Хелена уже собралась бежать, но вспомнила, что надо снять коньки, и снова села на лед. Мирьям-Либа доковыляла до берега и оперлась на обледеневший сугроб. Пальцы в рукавицах закоченели, она не могла справиться с винтом. Люциан, готовый идти, поднял ранец.
— Наверно, думали, меня в живых нет давно?
— Почему ты не давал о себе знать? Мать страдает из-за тебя…

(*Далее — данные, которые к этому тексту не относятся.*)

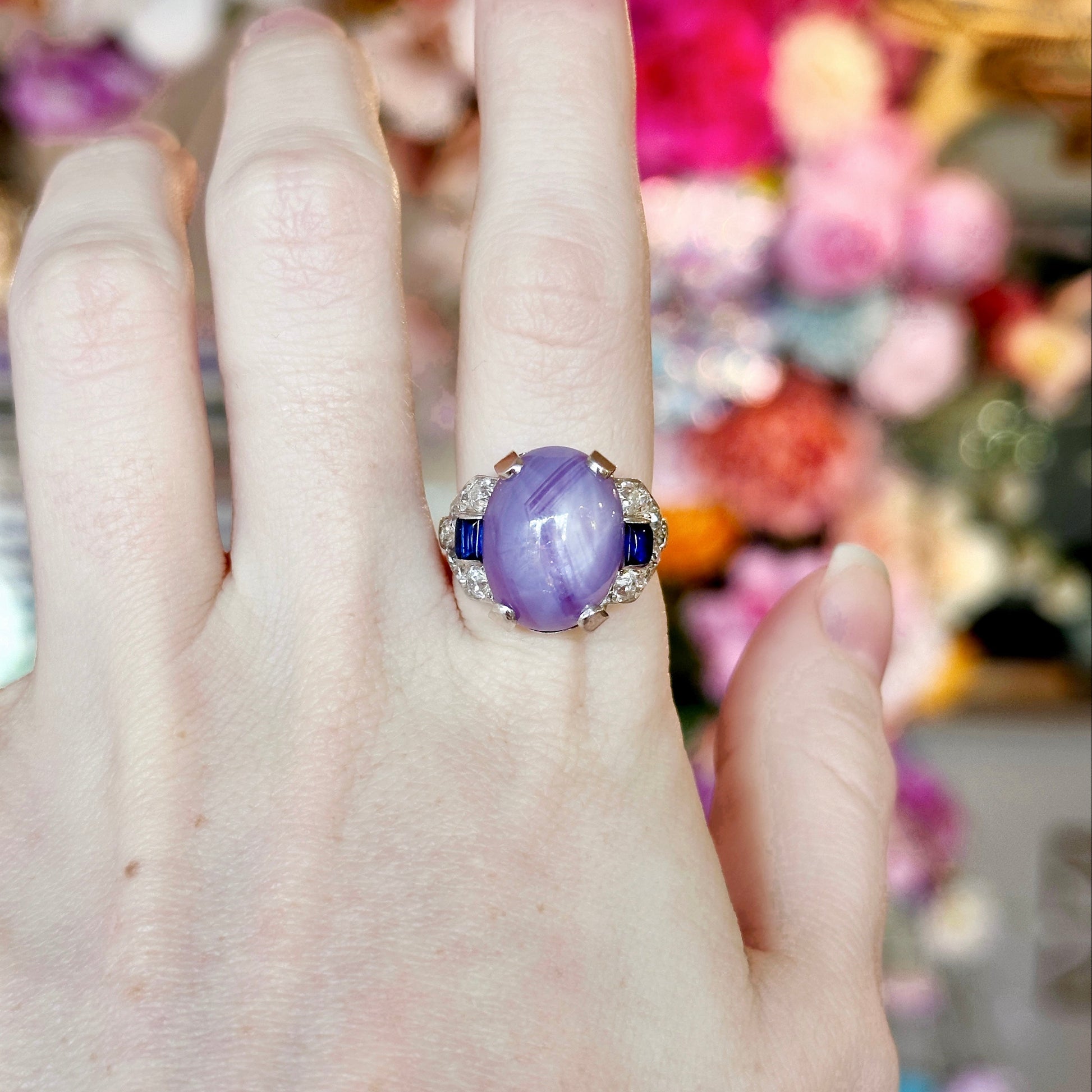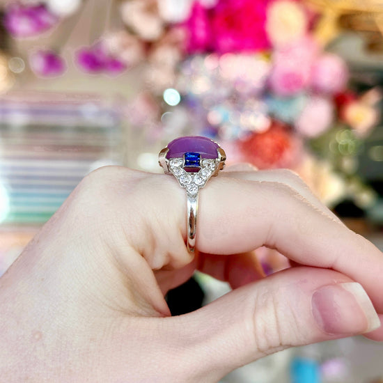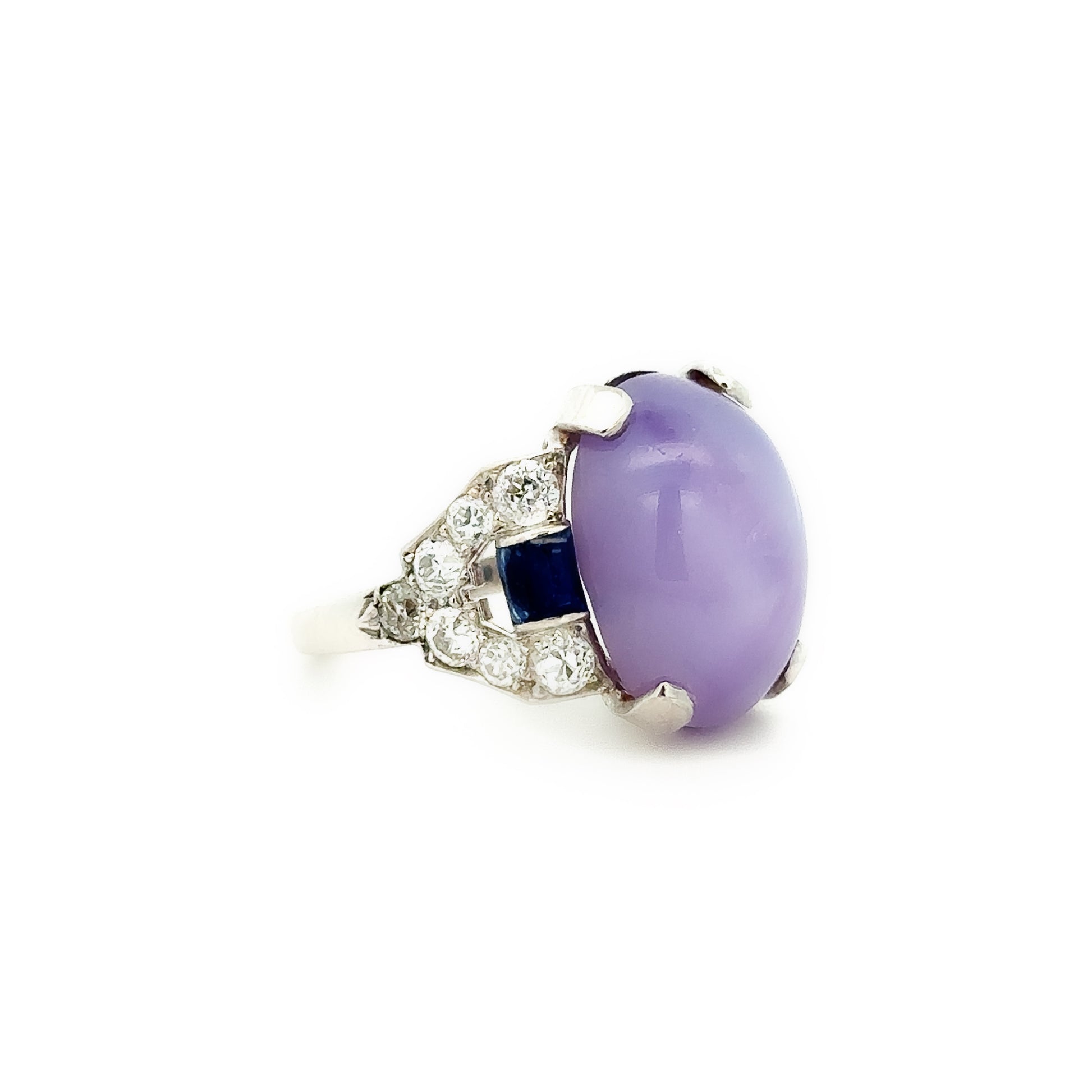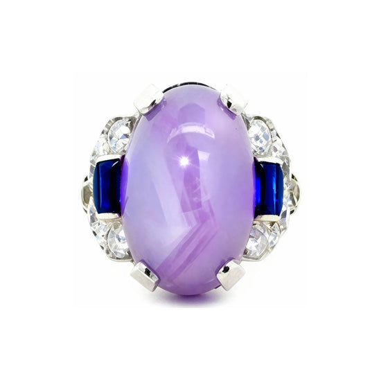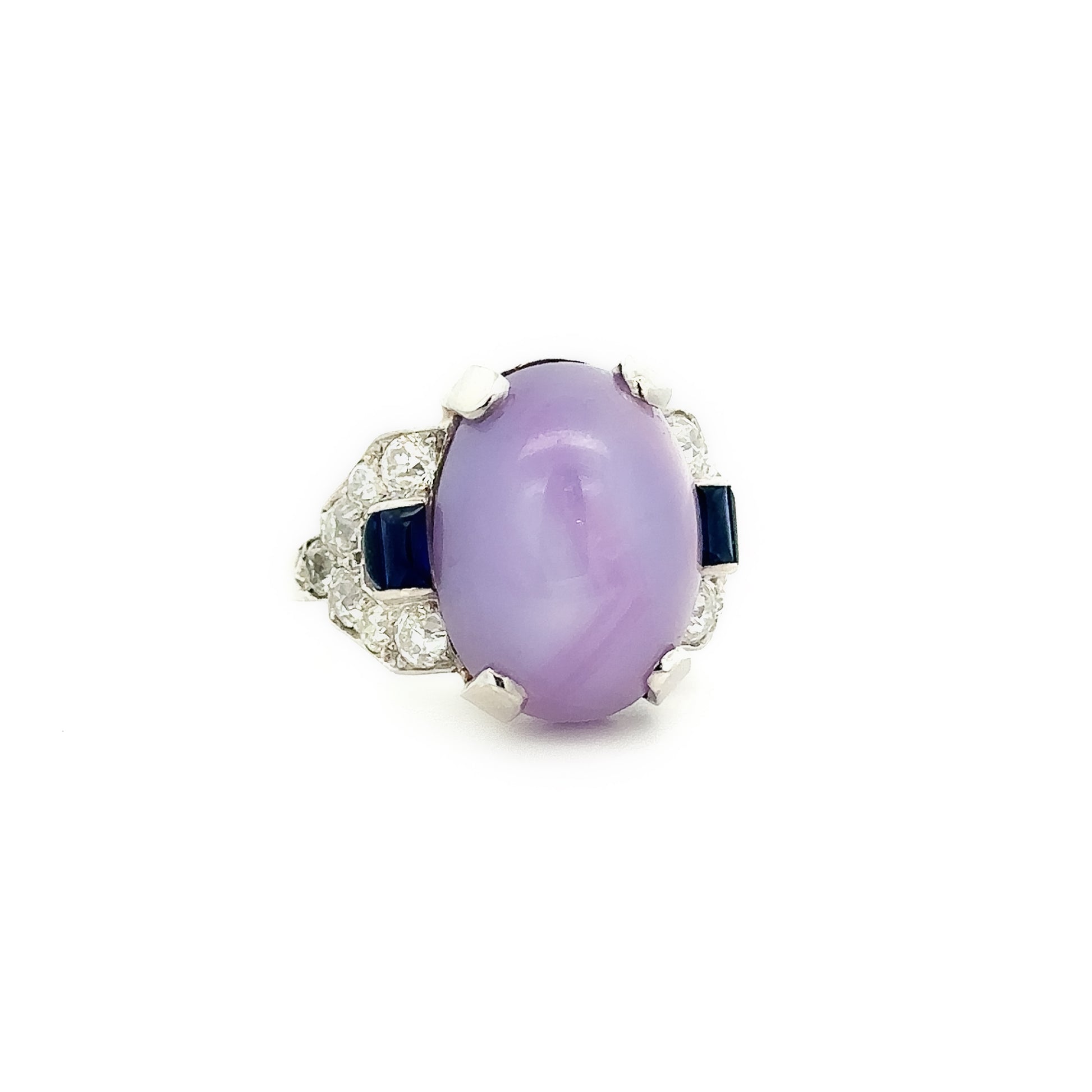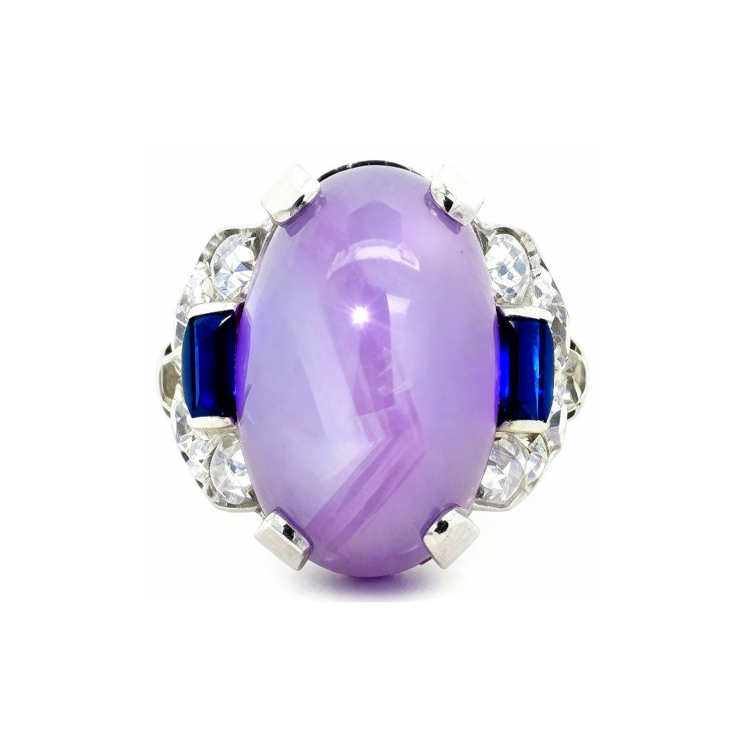 A striking 1930s Art Deco piece featuring a 17.44-carat oval cabochon star sapphire (16.00 x 11.98 x 8.82 mm) of East African origin, with no heat treatment detected. The bold cabochon cut and timeless Art Deco design beautifully showcase the sapphire’s natural depth and elegance — a rare treasure from a bygone era.

— Да не мог я. Самому не верится, что я здесь. Все потеряно. Когда-то я тоже здесь катался. Господи, как давно это было! Кажется, сто лет прошло. Кто ваш отец? — Он повернулся к Мирьям-Либе.
— Его зовут Калман Якоби.
— Якоби? Это от Якова. Потомки Якова, того, который выманил у Исава первородство за чечевичную похлебку. — Мирьям-Либа промолчала. — Я тоже когда-то учился. Но уже сто лет книгу в руках не держал. И в церкви не помню, когда был. Даже французский забыл. Все дороги для нас закрыты, мы от всего оторваны, блуждаем в темноте, в отчаянии.

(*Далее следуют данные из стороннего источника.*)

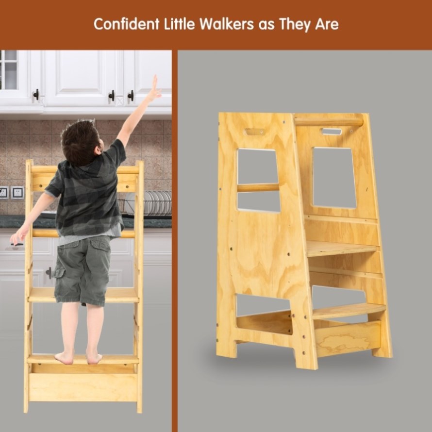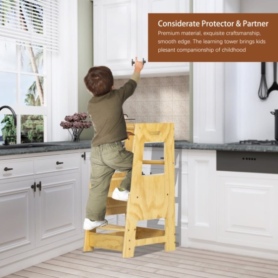 ALL-ROUND CONSIDERATE SECURE: When shopping for a step stool, safety is paramount.Learning Stool Tower offer great protection to kids. Thanks to an innovative railing that surrounds the child on all four sides, providing enough protection to prevent falls.The multi-layer surrounding rails provide all-round protection for kids, and the anti-drop design makes it safe and secured for kid no matter which direction they face

— У пана графа все еще впереди.
— Думаете? Меня затравили, как зверя, за мою голову назначено вознаграждение. Повсюду разосланы депеши. Царь хочет нас уничтожить, всех до единого, кто поднял восстание. Не хотелось бы покидать польскую землю, но другого выхода нет, придется отправиться в изгнание.
Хелена поднялась на ноги.
— Пойду посмотрю.
— Давай, моя дорогая.
— Жди здесь.
Хелена пустилась к дому. По дороге она оглядывалась по сторонам и чутко прислушивалась, как охотница, выслеживающая добычу.
— Вы давно знакомы?
— С лета. Графиня была на свадьбе моей сестры.

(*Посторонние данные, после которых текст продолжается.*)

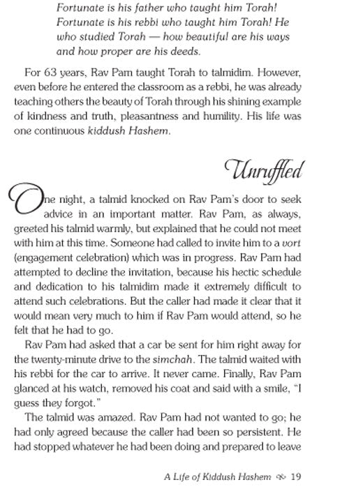 The full-length Rav Pam biography, upon which this book is primarily based, was a best-seller, and leading rabbis and educators declared that it should be required reading. It is a textbook for a life committed to Torah and Klal Yisrael.

— Понятно. Что-то сдвинулось с места. Раньше такое было невозможно. Отец всегда хорошо относился к евреям, но другие смеялись над ними, собак натравливали. На балу еврей должен был изображать медведя. А теперь стегают нас. Где вы учили польский?
— У учителя. По книгам.
— А у вас совсем не еврейская внешность.
— Но я еврейка.
— Конечно, но… Вот стою здесь, и кажется, что это сон. Я давно решил, что я мертв. Не буквально, разумеется, мертв душой. Только по дороге сюда начал просыпаться. Хотелось спрятаться, опуститься на дно. Я уже решил, что солнце никогда не будет светить. Во всяком случае, для нас.
— Пусть пан граф не говорит такого. Пан будет счастлив.
— Счастлив? Я? Что ж, спасибо. Даже слова такого давно не слышал. Как же я могу быть счастлив?
Мирьям-Либа хотела ответить, но не смогла, комок застрял в горле. Ей ни с того ни с сего стало холодно. Она увидела Хелену, та возвращалась, подавая какие-то знаки. Мирьям-Либа указала на нее Люциану. Все произошло очень быстро. Люциан подал Мирьям-Либе руку. Сняв каскетку, обнажил высокий лоб и каштановые волосы.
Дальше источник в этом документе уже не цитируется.